__What is needed__. Word for word, write out all the entries below, omitting every picture.

__Dataset excerpts__.
+===+
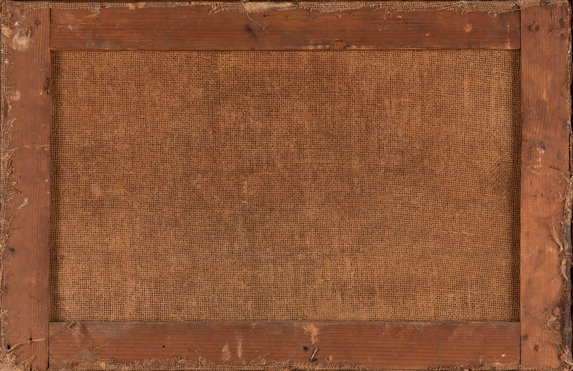 Olio su tela cm 28x43 Cornice coeva di tipo Salvator Rosa in legno argentato a mecca
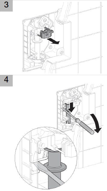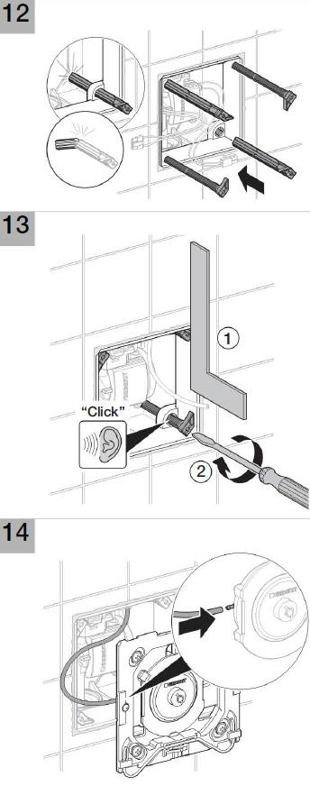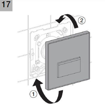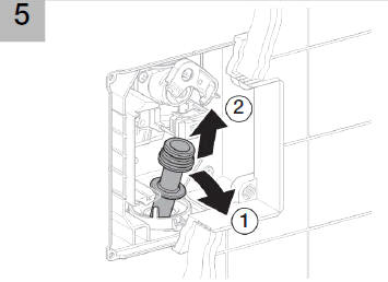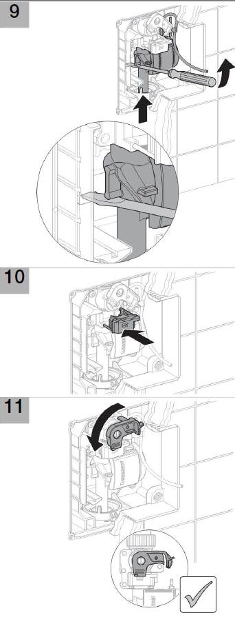 Po zamocowaniu korpusu i przekręceniu blokady (rys.11) przystępujemy do montażu płytki spustowej. W pierwszej kolejności montujemy jest podstawę, do której będzie zamocowany wężyk. Podstawa wymaga zamontowania w puszce przyłączeniowej czterech kołków tworzywowych. Mocujemy je przez zakliknięcie uprzednio skracając na odpowiednią długość. Kołki posłużą nam za punkty montażowe czterech wkrętów.
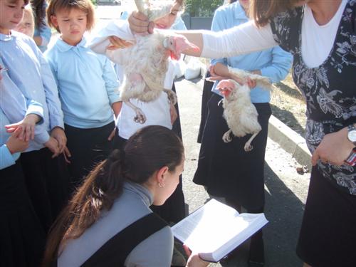 Как и положено по еврейской традиции, под руководством своих наставниц девушки произнесли благословения над курицами и прочитали соответствующие тексты, освященные еврейской традицией.
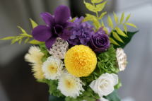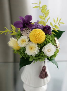 ローズ、ピンポンマム、小菊、デンファレ、ハス(ドライ)、デイジー(ドライ)、アジサイ、アイビー、ラスカス、タッセル、リボン
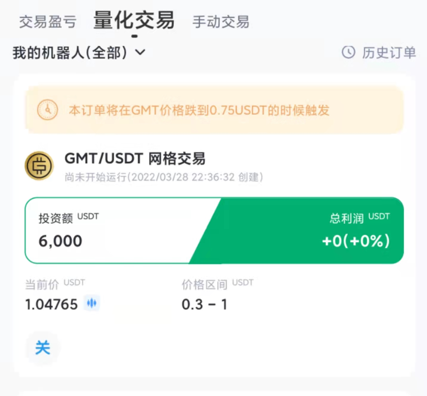 第二步:再用剩余的30--50%资金建一个网格单抄底。价格下限为当前价的0.2--0.3,价格上限为当前价,触发价为当前价的0.8左右。
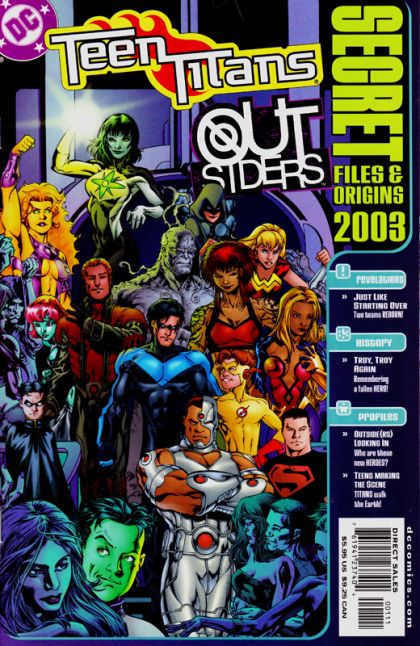 WRITTEN BY GEOFF JOHNS, JUDD WINICK, PHIL JIMENEZ, AND VARIOUS; ART BY IVAN REIS, CARLO BARBERI, JIMENEZ, AND VARIOUS; COVER BY TOM RANEY, MIKE MCKONE, SCOTT HANNA & LARY STUCKER. An explosive one-shot devoted to DC's hot new super-teams! TEEN TITANS writer Geoff Johns and OUTSIDERS writer Judd Winick join Ivan Reis, Carlo Barberi, Marc Campos & Norm Rapmund for the extra-sized story "A Day After," revealing secrets of both groups, with hints at the terrible threats they'll face in the months to come! Plus, Donna Troy's friends and loved ones remember their fallen friend in the 8-page "Who Was Donna Troy?", a story written and pencilled by Phil Jimenez and inked by Andy Lanning, and pin-ups of familiar and new characters from both teams' titles by an array of incredible artists. And don't miss the pencilling debut of Geoff Johns! Profile pages (mostly written by Johns & Winick): Robin by Rick Mays & Aaron Sowd, Nightwing, Jade & Arsenal (2 pages) by Mike McKone & Lary Stucker, Indigo by Ale Garza & Stucker, Wonder Girl by Will Conrad & Nelson, Thunder by Jason Pearson, Cyborg by Karl Kerschl, Starfire by Michael Turner, Kid Flash by Geoff Johns & Nelson (with text by Jeremy Johns), Grace by Judd Winick (with text by Mike McAvennie), Metamorpho by Tom Raney & Scott Hanna, Beast Boy by Carlo Barberi & Marlo Alquiza, Deathstroke the Terminator by Kilian Plunkett, Superboy by Jim Mahfood, Raven by Pascual Ferry. FC, 64 PG. $5.95 Cover price $5.95.
+===+
__Expected answer__.
 Olio su tela cm 28x43 Cornice coeva di tipo Salvator Rosa in legno argentato a mecca
 Po zamocowaniu korpusu i przekręceniu blokady (rys.11) przystępujemy do montażu płytki spustowej. W pierwszej kolejności montujemy jest podstawę, do której będzie zamocowany wężyk. Podstawa wymaga zamontowania w puszce przyłączeniowej czterech kołków tworzywowych. Mocujemy je przez zakliknięcie uprzednio skracając na odpowiednią długość. Kołki posłużą nam za punkty montażowe czterech wkrętów.
 Как и положено по еврейской традиции, под руководством своих наставниц девушки произнесли благословения над курицами и прочитали соответствующие тексты, освященные еврейской традицией.
 ローズ、ピンポンマム、小菊、デンファレ、ハス(ドライ)、デイジー(ドライ)、アジサイ、アイビー、ラスカス、タッセル、リボン
 第二步:再用剩余的30--50%资金建一个网格单抄底。价格下限为当前价的0.2--0.3,价格上限为当前价,触发价为当前价的0.8左右。
 WRITTEN BY GEOFF JOHNS, JUDD WINICK, PHIL JIMENEZ, AND VARIOUS; ART BY IVAN REIS, CARLO BARBERI, JIMENEZ, AND VARIOUS; COVER BY TOM RANEY, MIKE MCKONE, SCOTT HANNA & LARY STUCKER. An explosive one-shot devoted to DC's hot new super-teams! TEEN TITANS writer Geoff Johns and OUTSIDERS writer Judd Winick join Ivan Reis, Carlo Barberi, Marc Campos & Norm Rapmund for the extra-sized story "A Day After," revealing secrets of both groups, with hints at the terrible threats they'll face in the months to come! Plus, Donna Troy's friends and loved ones remember their fallen friend in the 8-page "Who Was Donna Troy?", a story written and pencilled by Phil Jimenez and inked by Andy Lanning, and pin-ups of familiar and new characters from both teams' titles by an array of incredible artists. And don't miss the pencilling debut of Geoff Johns! Profile pages (mostly written by Johns & Winick): Robin by Rick Mays & Aaron Sowd, Nightwing, Jade & Arsenal (2 pages) by Mike McKone & Lary Stucker, Indigo by Ale Garza & Stucker, Wonder Girl by Will Conrad & Nelson, Thunder by Jason Pearson, Cyborg by Karl Kerschl, Starfire by Michael Turner, Kid Flash by Geoff Johns & Nelson (with text by Jeremy Johns), Grace by Judd Winick (with text by Mike McAvennie), Metamorpho by Tom Raney & Scott Hanna, Beast Boy by Carlo Barberi & Marlo Alquiza, Deathstroke the Terminator by Kilian Plunkett, Superboy by Jim Mahfood, Raven by Pascual Ferry. FC, 64 PG. $5.95 Cover price $5.95.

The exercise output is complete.